I am now shaking you up to remember Sylvie, the club dancer in film “Taxi Driver”, who breathed style and sensuality to that Anglo-Indian night club. Sylvie’s role was played by Sheila Ramani, who is almost forgotten now. But in the fifties, Sheila Ramani, starting from “Anand Math” in 1952 to “Jungle King” in 1959, gave 23 films and was recognised as a star. Born in Sindh, she was one of the few Sindhi actresses, besides Sadhana, who really made it big in Bollywood. Sheila earned the title of Miss Mussoorie in 1948 and wore the crown of Miss Shimla in 1951. This way film “Taxi Driver” had two ladies, who had worn the Miss Shimla crown, playing the main roles. When Sheila passed away on July 15, 2015, Kalpana had said: “I am grief-stricken to learn that Sheila Ramani is no more. She had made her debut in ‘Taxi Driver’ six decades ago. We did not have many scenes together, but I remember her as a spontaneous actress, bubbling with enthusiasm on the sets. She had a beautiful smile and lips synced the climax song ‘Aye Meri Zindagi’ so well.”

Dev Anand’s Dharamsala link

Dev Anand too had a short stint in Himachal Pradesh when he studied at Government College, Dharamsala, for a year (1938-39), as his mother was undergoing treatment for tuberculosis at the sanitorium at Tanda in Kangra where there is a medical college these days.

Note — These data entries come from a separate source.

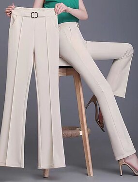 Жен. Костюм Широкие Брюки Мода Уличный стиль Полная длина Завышенная Полотняное плетение Эластичная талия Воздухопроницаемость Удобный Слабоэластичная Бизнес На каждый день
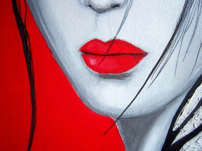 Картина женщина с красными губами
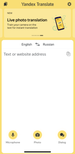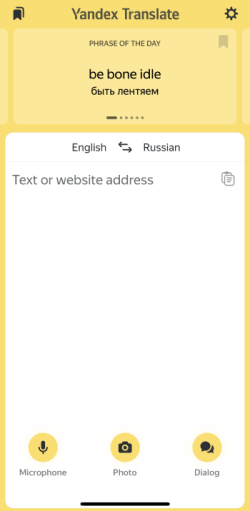 If the language of your device is Russian or English, the phrase of the day in the target language and a description of the app's new features are displayed on the Yandex Translate home screen. The phrases are updated daily.
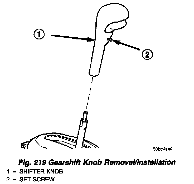 1. Loosen set screw and remove knob from shifter handle (Fig. 219).
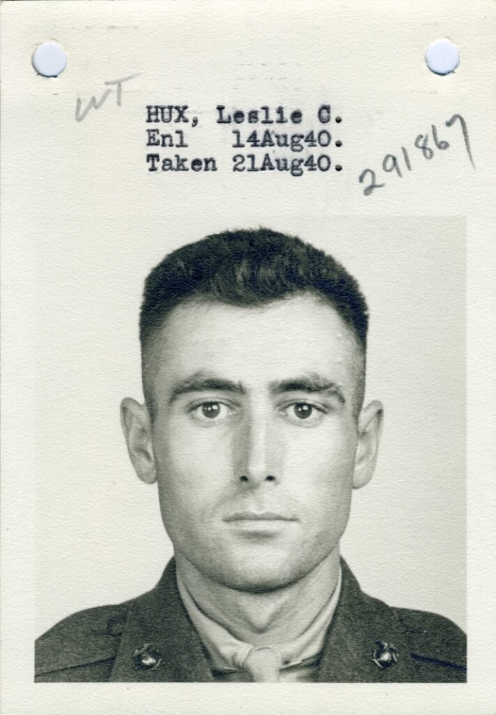 The son attended Walker High School for two years. By the time of the 1940 Census, conducted in the spring, he was living at home with his parents and six siblings and working as a farm laborer. Mr. Hux enlisted in the Marines on Aug. 14, 1940.

“Taxi Driver” although showed Mumbai at its best, yet it cannot be denied that the hero and the heroines had, one time or the other, smelled the air of these hills.

Tailpiece

Sheila Ramani was the star in India’s first Sindhi film “Abana” (1960) and an unknown teenager, Sadhana, played the role of her younger sister. When Sadhana asked for her autograph, Sheila said that the day would come when she’d ask for Sadhana’s autograph. The prediction came true as Sadhana became one of the great stars of Hindi cinema in the 1960s.